Recompile Invalid Objects in the Database

After you install, patch, or upgrade a database, recompile invalid objects on the CDB and PDBs with a recompilation driver script.

Oracle provides the recompilation scripts utlrp.sql, utlprp.sql, and utlprpom.sql. These scripts are located in the Oracle_home/rdbms/admin directory.

Note:

Starting with AutoUpgrade 23.1, when you run the AutoUpgrade utility, AutoUpgrade runs the utlprpom.sql script, and does not run utlrp.sql. When AutoUpgrade is used for upgrades to Oracle Database 12c Release 2 (12.2.0.1) and later releases, AutoUpgrade only recompiles invalid objects owned by Oracle-maintained schemas. Because database upgrades do not need to touch user objects, AutoUpgrade maintains this policy when it recompiles invalid objects.

After installing a database, recomplile all invalid objects;

  1. Change directory to Oracle_home/rdbms/admin. For example

    $ cd $ORACLE_HOME/rdbms/admin
  2. Use the catcon.pl script in the Oracle home to run utlrp.sql. For example:

    $ORACLE_HOME/perl/bin/perl catcon.pl --n 1 --e --b utlrp --d '''.''' utlrp.sql

    Note the following conditions of this use case:

    • --n parameter: is set to 1, so the script runs each PDB recompilation in sequence.

    • --e parameter: turns echo on.
    • --b parameter: Sets the log file base name. It is set to utlrp.

    Expect a time delay for the serial recompilation of PDBs to complete. Depending on the number of PDBs that you are upgrading, the recompilation can extend significantly beyond the time required for the upgrade scripts to complete.

    The utlrp.sql script automatically recompiles invalid objects in either serial or parallel recompilation, based on both the number of invalid objects, and on the number of CPUs available. CPUs are calculated using the number of CPUs (cpu_count) multiplied by the number of threads for each CPU (parallel_threads_per_cpu). On Oracle Real Application Clusters (Oracle RAC), this number is added across all Oracle RAC nodes.

After patching or upgrading a database, there is more than one approach you can use to recompile invalid Oracle-owned and user-owned objects:

Recompile all invalid objects (the invalid objects in both Oracle and user schemas) by using utlrp.sql or utlprp.sql.

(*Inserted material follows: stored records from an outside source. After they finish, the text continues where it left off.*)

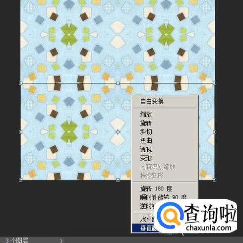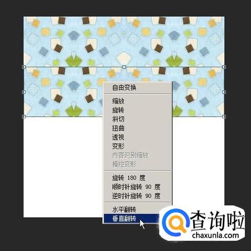 同样,按键盘的CTRL+T,调出自由变换框,鼠标放在变换框上,再右击,弹出下拉菜单再点:垂直翻转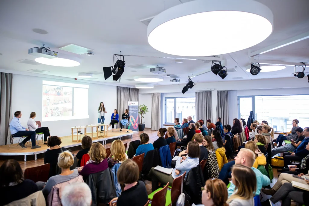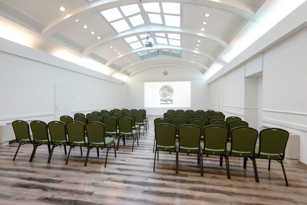 A MagNet Közösségi Ház szépséges, világos Hamvas termében leszünk. A recepció után ha balra furdulsz és felmész pár lépést egy rövid lépcsőn, úgy jutsz a Belső udvarba. Az udvaron átsétálva, jobbkéz felől látsz majd egy lépcsőt, az vezet fel egyenesen a rendezvény színhelyére.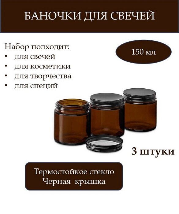 Банки для хранения сыпучих продуктов 150 мл стеклянные, 3 штуки информация: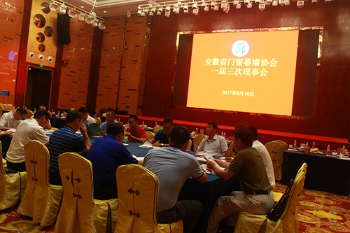 会议现场 8月18日下午,安徽省门窗幕墙协会一届三次理事会在江阴会市隆重召开。会长胡浩然、监事长葛大清、常务副会长邓志扬、张传发、桂双、魏立前、王德江、王金发、高邦财、孙雨、吴凤彬、王恩军、出席了会议。会议由协会秘书长沈运斌主持。 会议听取了《安徽省门窗幕墙协会2017年上半年工作以及下半年工作计划汇报》;此次理事会共商议了六项议程,其中包括探讨一届二次理事会会议纪要中需要解决的问题,商议安徽省门窗幕墙协会技术委员会成立方案,汇报党建工作等一系列议程。 会上,与会各位理事也积极发言,对自身发展及对协会工作建言献策,大家对协会帮助企业发展壮大表示感谢,并纷纷表示今后将继续支持、参与协会的各项工作,支持协会的发展。 会长胡浩然在热烈的掌声中作了重要讲话。在讲话中,他充分肯定了协会2017年上半年所做的工作,以及回顾了协会发展经历的几个阶段。最后,胡浩然会长对今后工作提出一点希望:希望协会秘书处按照中央要求,建立自己的党组织,同时增强服务意识、提升服务层次和能力,创新工作方法,积极对接国家、兄弟协会,多汇报工作及汲取先进经验,做到让会员满意、自己满意。
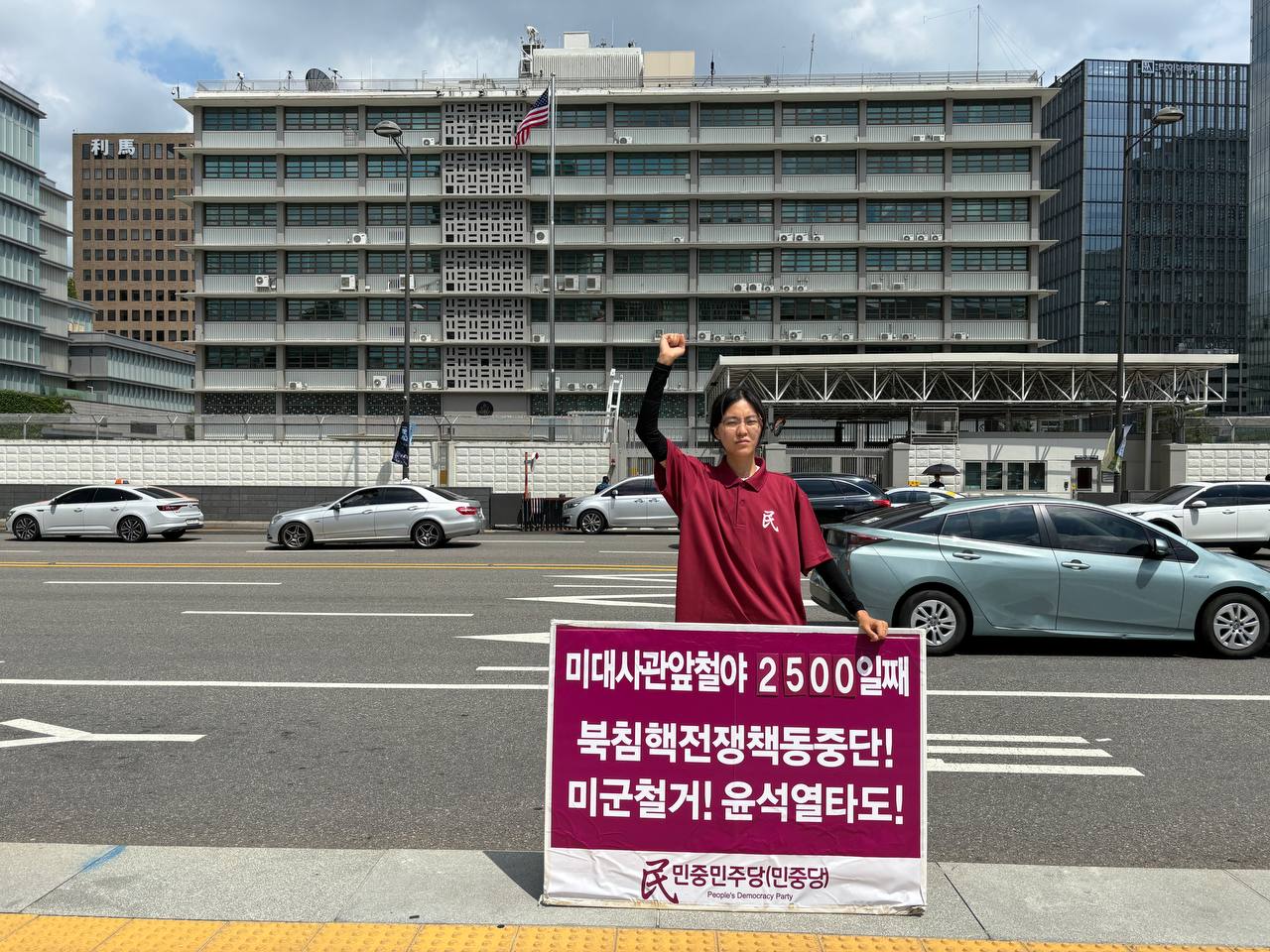 31일 민중민주당(민중당)은 미대사관앞에서 <친미호전윤석열타도! 북침핵전쟁책동중단! 핵전쟁화근 미군철거!> 구호를 들고 평화시위를 2933일째 전개했다.

If time is a factor and the type of invalid objects is predominately application owned, then you can recompile Oracle-owned invalid objects first, and defer recompiling application-owned invalid objects to a later time. To recompile invalid objects in Oracle schemas, use utlprpom.sql. To recompile the remaining invalid objects, use utlrp.sql or utlprp.sql.

Note:

When you use either utlprp.sql or utlprpom.sql, note that both scripts require you to define the degree of parallelism that the script should use, or determine the number of parallel recompile jobs to use.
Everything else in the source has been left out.